- From: Philip Taylor <pjt47@cam.ac.uk>
- Date: Thu, 25 Feb 2010 09:49:17 +0000
- To: "Andrey V. Lukyanov" <land@long.yar.ru>
- CC: www-html@w3.org
Andrey V. Lukyanov wrote: > == Line separator and Paragraph separator in HTML 5 == > > Unicode includes such characters as "Line separator" (2028) and > "Paragraph separator" (2029). What should happen if they are inserted in > HTML source? > > HTML 4.01 says that they "do not constitute line breaks in HTML", but > does not specify their exact behavior beyond this (see Section 9.1). > > HTML 5 does not specifically mention U+2028 and U+2029; however, it > defines two notions: "space characters" and "White_Space characters" > (see Section 2.4.1). > [...] > One can deduce from this that "space characters" are used for HTML > source formatting; in the final output, they all are reduced to a simple > space (or, in some positions, reduced to nothing). > > "White_Space characters", on the other hand, are supposed to be > displayed as they are (except at line ends, where they are reduced to > zero width).

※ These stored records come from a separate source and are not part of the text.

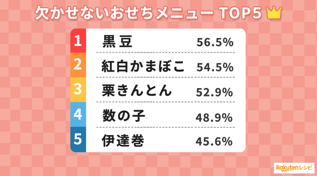 おせちで欠かせないメニューの人気No.1は「黒豆」で56.5%。「紅白かまぼこ」「栗きんとん」も5割と僅差で続く
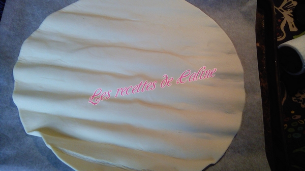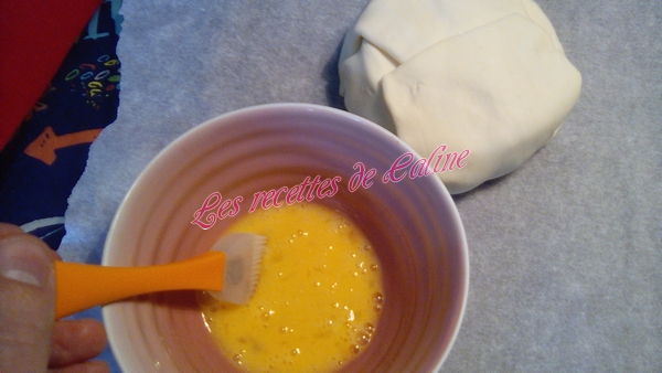 Mettre une feuille de papier sulfurisé sur une plaque de cuisson et y dérouler la pâte feuilletée (pas besoin de la piquer).
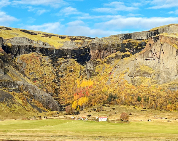 今年第一抹秋色是在 冰岛 看到拍到的, 冰岛 的秋色给 一号公路 给旅途增添了色彩。秋天的 冰岛 太有魅力太漂亮了!一望无际平原上突兀的绿色高大山脉,山脉间不时出现的大小瀑布,配上艳黄的树丛,田野里一卷卷草垛,蓝天下都是那么的夺目,以往只能在挂历里在电视中看到的景色,今天看到了真实版!我们的脚步都挪不开了。
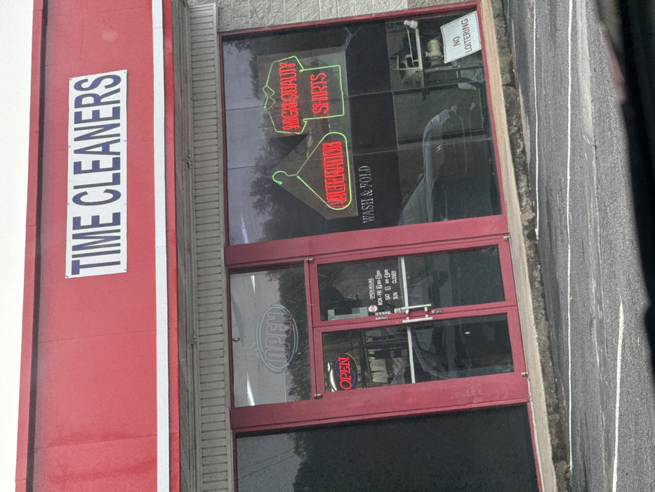 - "An exterior view depicts "TIME CLEANERS," a dry cleaning establishment located in Lawrenceville, United States" by FM-AodXs2, licensed under CC BY 4.0
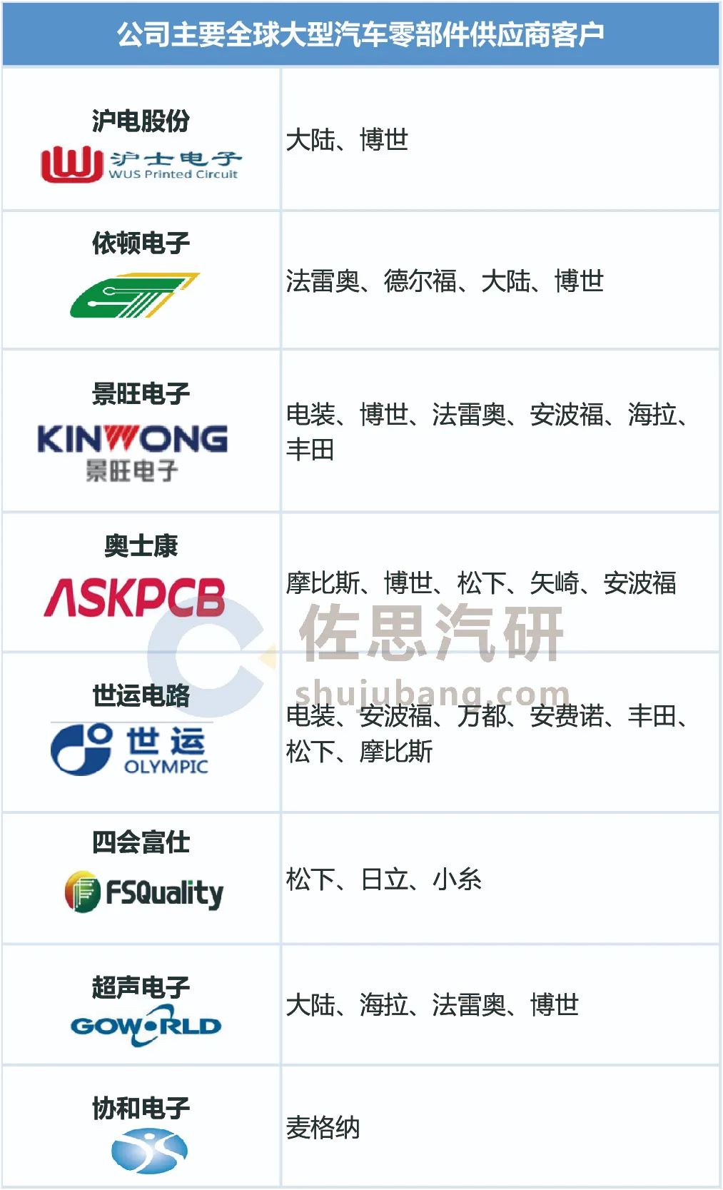 中国本土PCB企业全球大型汽车零部件供应商客户

HTML5 doesn't define how text is displayed at all - rendering is specified by CSS (or by whatever other mechanism you choose to render HTML with). The terms defined in the HTML5 spec are used solely in the cases where they are explicitly linked to - e.g. <div class="foo bar"> uses http://whatwg.org/html#space-separated-tokens which splits on "space characters", while <time> 12:34 </time> uses http://whatwg.org/html#valid-date-or-time-string-in-content which allows all "White_Space characters". The set of space characters is largely fixed by the parsing behaviour of current HTML implementations, and by the parsing behaviour that current HTML content expects and relies on, so it is unlikely to change. -- Philip Taylor pjt47@cam.ac.uk
Received on Thursday, 25 February 2010 09:49:46 UTC